Exercise objective:
Go through the data below and copy it exactly, skipping every picture.

Recorded data:
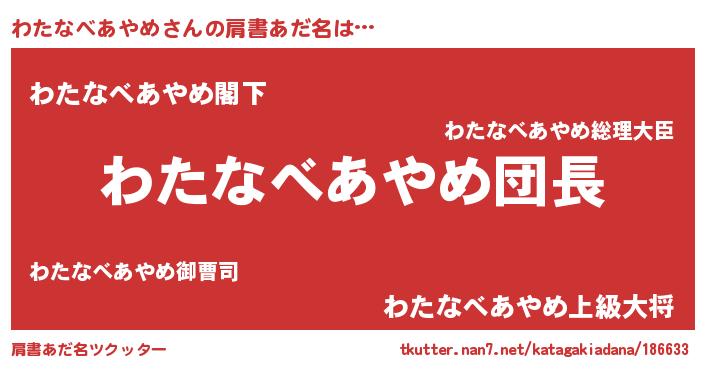 | 意味不明あだ名 | 『とにかく怪しいわたなべあやめ』 |
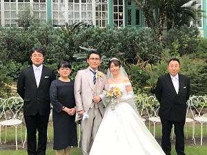 一緒に南国を満喫した吉田さん夫婦とチアキ。
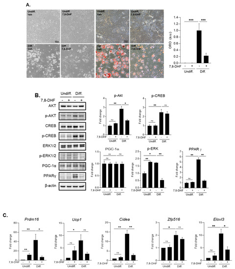 The effect of 7,8-DHF (BDNF mimetic) treatment in undifferentiated and differentiated 3T3-L1 adipocyte cells. (A) adipocyte differentiation and lipid accumulation by Oil red O staining, (B) protein expression related to adipocyte differentiation, (C) mRNA expression of genes involved in body fat-browning. Means ± S.E. tested by independent t-test (nonparametric). * p < 0.05, ** p < 0.01, *** p < 0.001, n.s.: no significance; 5 μg/mL treatment of 7,8-DHF; undiff: undifferentiated cells, diff: differentiated cells.

Written solution:
 | 意味不明あだ名 | 『とにかく怪しいわたなべあやめ』 |
 一緒に南国を満喫した吉田さん夫婦とチアキ。
 The effect of 7,8-DHF (BDNF mimetic) treatment in undifferentiated and differentiated 3T3-L1 adipocyte cells. (A) adipocyte differentiation and lipid accumulation by Oil red O staining, (B) protein expression related to adipocyte differentiation, (C) mRNA expression of genes involved in body fat-browning. Means ± S.E. tested by independent t-test (nonparametric). * p < 0.05, ** p < 0.01, *** p < 0.001, n.s.: no significance; 5 μg/mL treatment of 7,8-DHF; undiff: undifferentiated cells, diff: differentiated cells.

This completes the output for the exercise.